Ouvi duas metáforas viscerais fazendo casos opostos. Uma, de Dima, o voluntário da evacuação: ‘Você não diz a um cachorro louco: “Morda meu braço e deixe o resto de mim ir em paz.”’ A outra de Max Rosenfeld. ‘Você pode ser estuprada e viver com esse estupro. Você tem que viver. Não é uma razão para acabar com sua vida.’ Filipenko, o chefe da Dobrobat, disse: ‘Todos nós esperamos que chegue o momento em que as autoridades concordem com algum tipo de cessar-fogo, mesmo que temporariamente. Essa é a principal coisa para nós. Porque a maneira como eles estão bombardeando Kharkiv com bombas e mísseis, não é guerra, é puro terrorismo... A vitória final, com os recursos que temos hoje, e com tal inimigo, é impossível.’

Nabokov, que perdeu o pé, lutou para compreender a enormidade da liderança de seu país defendendo a aceitação de uma perda de território. Mas ele já havia me descrito o quão desesperadora era a situação da mão de obra no exército, mesmo quando ele serviu em 2023. ‘Quando entrei para a brigada, eles tinham acabado de sair das proximidades de Bakhmut. Eles estavam passando por uma reorganização e recebendo novos recrutas. E havia tantos na brigada que eram como as Almas Mortas de Gogol. Eles existiam, mas não eram fisicamente capazes de lutar. Nem podiam ser retirados do rol ou transferidos para outra unidade. Mas eles eram contados como homens de combate.’
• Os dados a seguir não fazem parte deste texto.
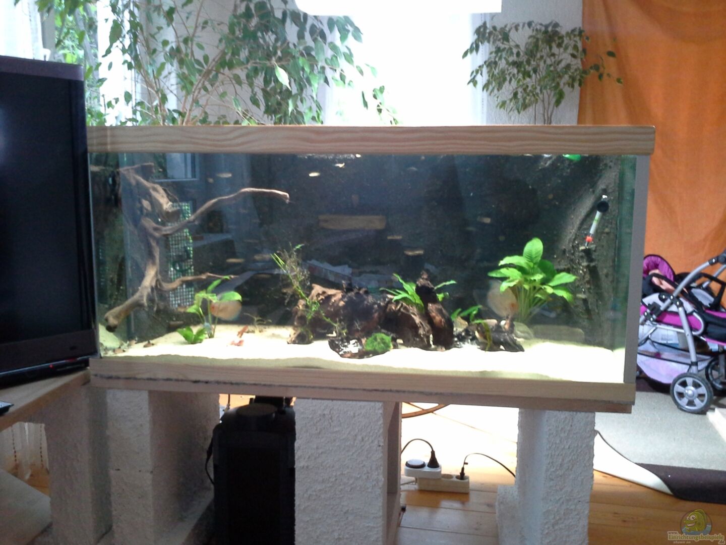 Das aquarium ist marke eigenbau, also ein altes becken komplett auseinadergeholt und neu verkebt, die rueckwand ist aus daemmplatten die mit kunstharz bearbeitet wurde.oben und unten wurden leisten in fichtenholz angebracht und an den ecken wurden aluleisten angeklebt.die obere abdeckung besteht aus plexiglas, die dreimal unterteilt ist.Selbst eingeklebte 3d rueckwand. An den seiten wurden ecken fuer diverse technik eingeklebt. Das becken läuft seit 5.2013 . Einen monat später kam der besatz. Co [...]

O cartaz grosseiro da 3ª Brigada de Assalto é mais do que um esforço de recrutamento: é um gesto de campanha. Embora supostamente esteja integrado às forças armadas ucranianas e seja considerado uma boa unidade militarmente, seu comandante, Andriy Biletsky, é um ex-ativista de extrema direita que abraçou causas nacionalistas brancas. Sua existência é um lembrete dos obstáculos políticos internos às concessões ucranianas. Mas, apesar de toda sua poderosa RP, o que é impressionante sobre o 3º Assalto, e a extrema direita na Ucrânia em geral, é o quão isolado ele é. Nenhuma das outras noventa e poucas brigadas da Ucrânia tem a mesma mancha extremista; uma que tinha, a 67ª, foi dissolvida recentemente, com pouco barulho. O exército como um todo se levantaria contra um governo que fez concessões territoriais à Rússia? Talvez. Mas quanto mais amplamente os recrutadores espalham sua rede, mais o exército reflete uma sociedade que está começando a falar abertamente, embora amargamente, sobre trocar terras por paz.
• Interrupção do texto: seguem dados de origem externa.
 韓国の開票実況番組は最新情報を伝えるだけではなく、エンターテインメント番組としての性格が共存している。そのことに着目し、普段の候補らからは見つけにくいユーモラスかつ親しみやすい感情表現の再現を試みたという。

Conversei com soldados em serviço. Um deles, Yegor, da unidade de drones da 93ª Brigada, me disse que "as pessoas que viram com seus próprios olhos o que a guerra realmente é, não na TV, mas de verdade, estão prontas para parar e fazer um acordo, porque estão cansadas de perder seus amigos, seus conhecidos. E estão cansadas de se surpreender por ainda estarem vivas. Aqueles que dizem o contrário não sabem o que é guerra. É fácil dizer vamos lá, avancem, para a batalha, se você estiver apenas assistindo a tudo na tela. Claro que haverá muitas pessoas gritando que temos que seguir para a vitória, para as fronteiras de 1991. Mas os soldados reais nas trincheiras estão prontos para parar e fazer um acordo. Ainda assim, ninguém quer ouvir isso."
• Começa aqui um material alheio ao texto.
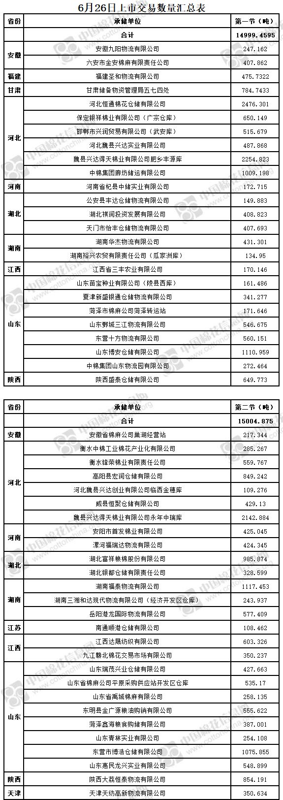 6月26日兩節(jié)共計(jì)輪出儲(chǔ)備棉30004.3345噸。第一節(jié)銷售儲(chǔ)備棉14999.4595噸,其中需要倒垛出庫75捆。第二節(jié)銷售儲(chǔ)備棉15004.875噸,其中需要倒垛出庫84捆。
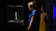 Ein tödlicher Fluch? Die Hamburger Fotografin Kim Wenrich (Felicitas Woll, li.) und Museumsleiterin Rebecca Rosen (Neda Rahmanian, re.) vor der Himmelsscheibe von Nebra.Bild: © ARD Degeto Film/MadeFor Film GmbH/Hans-Joachim Pfeiffer
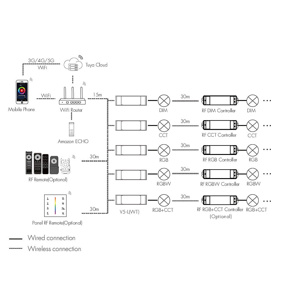 Charakterystyczną cechą sterownika led V5-L(WT) jest przede wszystkim innowacyjne podejście do sterowania oświetleniem LED. Posiada on bowiem możliwość komunikacji z dwoma systemami nowoczesnego sterowania Amazon Alexa oraz Tuya. Pierwszy z nich pozwala na wypowiadanie komend i uzyskanie sterowania przy użyciu naszego głosu. Tuya natomiast to gama produktów różnego przeznaczenia, która tworzy wspólną sieć WiFi umożliwiając tym samym stworzenie inteligentnego domu z produktów wspierających ten system. Oczywiście nic nie stoi na przeszkodzie by alternatywnie dołączyć pilot radiowy led bądź panel naścienny led.

Saí de Kharkiv cedo uma manhã, quando ainda estava escuro. As luzes da rua tinham sido desligadas para economizar energia e havia uma leve neblina. Pedi um táxi horas antes do trem chegar porque o medo dos recrutadores havia reduzido drasticamente o número de taxistas de plantão. Kharkiv havia se tornado, como um velho motorista me disse, "uma cidade de dinossauros". Então fiquei surpreso quando um homem na casa dos cinquenta veio me buscar. Ele saiu para me ajudar com a grande bolsa que continha meu colete à prova de balas e, percebendo que ele andava mancando, perguntei se ele era um veterano. Ele era. Ele pisou em uma mina perto de Izyum. Quando estávamos dirigindo pelas ruas úmidas e vazias, ele puxou a perna esquerda da calça para me mostrar sua prótese: ele havia perdido o tornozelo e o joelho.

Seguimos em frente. Eu não queria começar uma nova rodada de perguntas. Pouco antes de chegarmos à estação, ele disse, sem ser solicitado: "Perdi meu filho". Seu filho foi morto em combate no ano passado. Ele estava muito calmo. Acho que ele queria que eu soubesse. Paguei a ele e fui esperar meu trem para o Oeste.